Le président de la Confédération patronale gabonaise (CPG), Alain Ba Oumar, et le président du conseil d’administration du Conseil des investisseurs français en Afrique (CIAN), Alexandre Vilgrain, ont conclu le 24 mars 2017, un protocole d’accord au siège du Medef internationale, en faveur de la formation professionnelle.

Signature du protocole d’accord entre la CPG et le CIAN, le 24 mars 2017 au siège du Medef international. © D.R.

 

A l’issue du rendez-vous annuel d’affaires parisiens, inscrit dans le cadre des 10èmes rencontres internationales des partenariats publics privés (PPP), dont le Gabon est à l’honneur, le président de la Confédération patronale gabonaise, Alain Ba Oumar, membre de la délégation conduite par le Premier ministre Emmanuel Issoze Ngondet à Paris, a conclu le 24 mars 2017, un protocole d’accord au siège du Medef internationale.

Photo de famille au terme de la signature du protocole d’accord entre la CPG et le CIAN, le 24 mars 2017 au siège du Medef international. © D.R.

Ce protocole d’accord relatif à l’enseignement professionnel, signé en présence des membres de la délégation gouvernementale gabonaise et du secrétaire général du CIAN, Stephen Decam, s’inscrit dans le cadre de l’amélioration de la qualité de l’enseignement professionnel au Gabon. Il vise notamment le renforcement de l’employabilité des jeunes, à travers le renforcement du niveau d’excellence et de compétitivité des instituts d’enseignement présents sur le territoire national.

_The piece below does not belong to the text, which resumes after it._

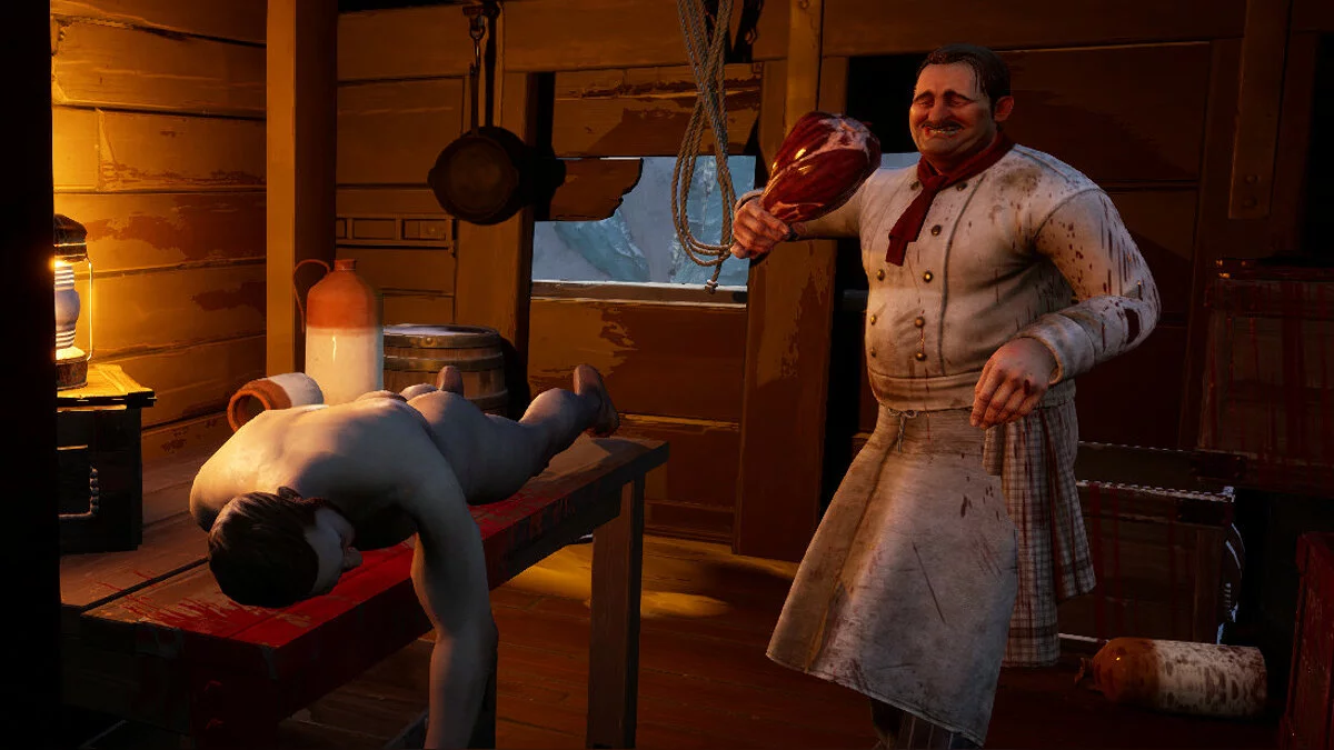К слову о ключах. После первой смерти игроки попадают в карцер на корабле. Здесь им дается шанс рассказать о своей смерти и доказать напарникам, что он не предатель. Проверить подлинность слов можно, обшарив свежий труп погибшего. Если у него на теле есть особые кости, то он тралл. Конечно, его напарник может опередить простых игроков и скрыть остатки трупа, но это уже как повезет. Так вот, чтобы открыть дверь карцера, нужен особый ключ. Их в игре не так уж и много, а мест для использования — предостаточно. Либо сундук с лутом открыть, либо дать другому игроку шанс.
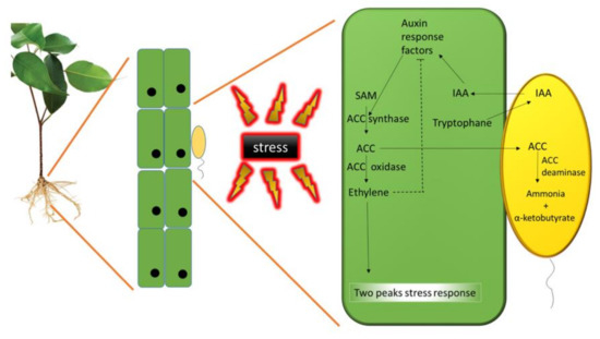 The amino acid tryptophan is exuded by plant cells, taken up by PGPB living around the roots, and used to synthesize IAA. This bacterial IAA is taken up by the plant cells and, together with the plant’s endogenous pool of IAA, stimulates an auxin signal transduction pathway which results in cell growth and proliferation, and in increased transcription of the gene for ACC synthase, eventually yielding an increased concentration of ACC. As a consequence, ACC is synthesized on SAM as substrate favoring the production of ethylene and leading to a two peaks plant stress response. The newly produced ACC is partly exuded from plant roots, taken up by the bacteria, and converted by ACC deaminase to ammonia and α-ketobutyrate. As a result, the amount of ethylene produced by the plant is reduced. Alleviation or exacerbation of stress depends on the plant species, its age, and the nature of the stress itself [100]. The answer of the plant to environmental stress involving ethylene has been explained by Glick et al. [101]. In this model, a few hours after the onset of a stress, an initial small peak of ethylene rises. This peak is considered to be beneficial since it triggers a protective response by the plant, such as the transcription of pathogenesis-related genes and induction of acquired resistance [100,102]. When the stress become chronic or more intense, the transcription of the ACC synthase genes occurs some days later, and another ACC is synthesized leading to a second, much larger ethylene peak. This second peak induces processes such as senescence, chlorosis, and abscission; therefore, the growth and the survival of the plant are hampered. A fraction of the ACC synthesized by this two-step process is released from seeds or plant roots, taken up by the bacteria, and converted to ammonia and α-ketobutyrate by the enzyme ACC deaminase [103]. As a consequence, the amount of ethylene produced by the plant after the stress is reduced and does not reach inhibitory levels. Various environmental stresses can also either increase the synthesis of IAA or stimulate the transcription of the gene for ACC synthase. As the amount of ethylene in a plant increases, the transcription of auxin response factors is inhibited. In the absence of bacterial ACC deaminase, by limiting transcription of auxin response factors, ethylene hampers both cell growth and IAA stimulation of the synthesis of additional ethylene. In the presence of bacterial ACC deaminase, less ethylene is formed because some of the ACC is degraded by ACC deaminase. When ACC deaminase is synthesized, transcription of auxin response factors is not suppressed, and IAA can stimulate cell growth and proliferation without inducing a rise of the ethylene level. In this model, ACC deaminase both decreases ethylene inhibition of plant growth and allows IAA to boost plant growth, both in the presence and absence of plant stress (Figure 2). Therefore, plants hosting bacteria able to synthesize ACC deaminase and exposed to stressful conditions result to be more tolerant to stress and their growth is comparable to that of plants grown in normal conditions. In the same way, bacteria synthesizing this enzyme favor the establishment of symbiosis with rhizobia (with an increased nodulation) [104,105,106] or mycorrhizal fungi [107,108,109], thus indirectly improving both plant growth and health.

La CPG et le CIAN reconnaissent l’ensemble des valeurs, missions et buts que ce programme dénommé «RH excellence Afrique» apportera à la jeunesse gabonaise. Cette alliance marquerait la volonté des deux organisations signataires de favoriser l’évolution des compétences et des connaissances des acteurs du secteur privé.

La Confédération patronale gabonaise regroupe les principales sociétés actives au Gabon. Elle vise sous le mandat d’Alain Ba Oumar, le renforcement de la solidarité du secteur privé, réalisation du plan d’action 2017-2020, avec une implication sur les réformes fiscales et sociales ; la réforme du service public dans l’intérêt du privé (croissance, compétitivité, gouvernance, intérêt général) et l’amélioration du climat des affaires au Gabon.